The Eurosystem – comprising the European Central Bank and the 15 national central banks of the euro area – and the central banks and monetary agencies of member states of the Gulf Cooperation Council (GCC)  held a high-level seminar on 12 March 2008 in Mainz, Germany. The seminar, hosted by the Deutsche Bundesbank, was attended by governors and high-level representatives of the Eurosystem and the GCC countries’ central banks and monetary agencies, as well as representatives of the European Commission and the GCC Secretariat General.
The purpose of the seminar was to further strengthen the dialogue and enhance relations between the Eurosystem and the central banks and monetary agencies of the GCC, which have intensified in recent years. The main issues addressed at the seminar pertained to recent economic developments in the GCC countries and the euro area and to the increasingly important role of the GCC countries in the global economy.
Welcoming the seminar participants, ECB President Jean-Claude Trichet emphasised the dynamic economic development in the GCC countries over recent years, which has turned the region into a pole of global economic growth.

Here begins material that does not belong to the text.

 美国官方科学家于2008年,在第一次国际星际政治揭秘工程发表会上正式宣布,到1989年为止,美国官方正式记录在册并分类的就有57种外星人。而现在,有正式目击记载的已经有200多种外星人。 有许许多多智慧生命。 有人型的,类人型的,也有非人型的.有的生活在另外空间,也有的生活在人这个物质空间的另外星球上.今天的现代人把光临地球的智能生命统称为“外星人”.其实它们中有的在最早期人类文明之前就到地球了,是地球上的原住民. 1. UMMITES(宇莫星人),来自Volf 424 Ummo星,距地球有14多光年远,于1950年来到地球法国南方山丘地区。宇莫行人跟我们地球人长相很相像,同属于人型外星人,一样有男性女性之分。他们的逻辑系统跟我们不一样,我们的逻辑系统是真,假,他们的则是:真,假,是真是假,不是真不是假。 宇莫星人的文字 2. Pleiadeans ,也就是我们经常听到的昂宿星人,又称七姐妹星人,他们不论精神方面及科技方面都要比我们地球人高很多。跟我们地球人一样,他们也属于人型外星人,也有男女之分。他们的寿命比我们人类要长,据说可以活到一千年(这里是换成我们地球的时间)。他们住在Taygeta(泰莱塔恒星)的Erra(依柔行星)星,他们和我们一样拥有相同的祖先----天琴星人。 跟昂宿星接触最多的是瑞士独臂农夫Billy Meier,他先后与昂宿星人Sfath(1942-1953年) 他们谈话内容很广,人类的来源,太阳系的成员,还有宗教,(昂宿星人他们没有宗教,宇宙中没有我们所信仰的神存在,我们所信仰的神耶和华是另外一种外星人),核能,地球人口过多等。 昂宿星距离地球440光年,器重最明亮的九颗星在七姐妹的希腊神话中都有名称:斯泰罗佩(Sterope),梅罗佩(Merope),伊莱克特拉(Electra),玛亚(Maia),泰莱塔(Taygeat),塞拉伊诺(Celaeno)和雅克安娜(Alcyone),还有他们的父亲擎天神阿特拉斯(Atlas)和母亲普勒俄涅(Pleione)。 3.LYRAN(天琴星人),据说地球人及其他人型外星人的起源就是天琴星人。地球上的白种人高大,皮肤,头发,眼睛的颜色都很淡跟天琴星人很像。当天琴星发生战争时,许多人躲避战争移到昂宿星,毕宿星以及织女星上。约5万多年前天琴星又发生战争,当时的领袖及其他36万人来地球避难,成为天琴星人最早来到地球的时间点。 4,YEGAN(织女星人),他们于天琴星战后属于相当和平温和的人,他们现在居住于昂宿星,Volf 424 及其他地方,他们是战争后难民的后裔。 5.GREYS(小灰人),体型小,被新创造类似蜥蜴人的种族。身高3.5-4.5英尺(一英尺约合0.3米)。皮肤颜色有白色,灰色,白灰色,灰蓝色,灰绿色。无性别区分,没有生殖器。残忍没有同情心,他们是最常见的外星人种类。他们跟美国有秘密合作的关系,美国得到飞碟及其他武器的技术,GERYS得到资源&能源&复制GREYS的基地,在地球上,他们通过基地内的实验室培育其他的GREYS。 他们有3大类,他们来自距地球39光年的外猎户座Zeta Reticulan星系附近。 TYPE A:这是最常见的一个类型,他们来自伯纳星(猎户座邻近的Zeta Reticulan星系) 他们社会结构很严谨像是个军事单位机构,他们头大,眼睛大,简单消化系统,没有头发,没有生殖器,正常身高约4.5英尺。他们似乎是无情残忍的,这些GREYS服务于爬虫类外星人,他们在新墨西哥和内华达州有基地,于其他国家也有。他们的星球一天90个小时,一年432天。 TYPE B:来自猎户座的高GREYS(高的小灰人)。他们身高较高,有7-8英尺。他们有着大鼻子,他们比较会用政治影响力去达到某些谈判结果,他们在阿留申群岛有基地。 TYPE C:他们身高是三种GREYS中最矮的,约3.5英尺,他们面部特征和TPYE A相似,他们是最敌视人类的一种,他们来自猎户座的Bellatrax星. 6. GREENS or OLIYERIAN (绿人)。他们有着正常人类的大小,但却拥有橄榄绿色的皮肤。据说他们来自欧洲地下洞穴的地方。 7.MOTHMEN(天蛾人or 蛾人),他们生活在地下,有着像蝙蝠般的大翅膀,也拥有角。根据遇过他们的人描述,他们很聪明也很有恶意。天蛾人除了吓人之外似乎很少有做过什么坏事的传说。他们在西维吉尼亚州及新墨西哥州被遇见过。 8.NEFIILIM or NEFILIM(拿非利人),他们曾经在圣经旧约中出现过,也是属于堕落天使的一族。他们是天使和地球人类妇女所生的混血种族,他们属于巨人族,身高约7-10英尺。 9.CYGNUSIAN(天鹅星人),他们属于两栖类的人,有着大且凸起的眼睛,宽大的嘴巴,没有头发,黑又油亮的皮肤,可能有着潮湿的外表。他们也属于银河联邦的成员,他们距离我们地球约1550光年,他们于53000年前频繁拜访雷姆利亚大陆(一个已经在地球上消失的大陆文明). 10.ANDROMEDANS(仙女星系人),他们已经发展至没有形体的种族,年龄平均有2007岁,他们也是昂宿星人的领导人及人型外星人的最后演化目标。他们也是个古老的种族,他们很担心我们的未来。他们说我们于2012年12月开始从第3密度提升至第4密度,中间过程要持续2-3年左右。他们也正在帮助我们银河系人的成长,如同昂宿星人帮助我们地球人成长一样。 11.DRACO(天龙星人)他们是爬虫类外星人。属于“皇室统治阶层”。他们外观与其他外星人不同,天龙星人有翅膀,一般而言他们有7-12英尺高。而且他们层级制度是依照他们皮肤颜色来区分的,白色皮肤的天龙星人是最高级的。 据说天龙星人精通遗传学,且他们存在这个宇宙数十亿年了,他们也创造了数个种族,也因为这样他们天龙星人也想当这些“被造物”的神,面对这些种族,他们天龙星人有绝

In the opening remarks, Deutsche Bundesbank President Axel Weber stressed that the GCC region has emerged as a major player in international financial markets and is part of the international community’s approach to ensure an orderly unwinding of global imbalances .
In his address, the Chairman of the GCC Committee of Governors and Governor of the Qatar Central Bank, Abdulla Bin Saoud Al-Thani, discussed recent progress and the challenges ahead in economic and monetary integration among the GCC countries.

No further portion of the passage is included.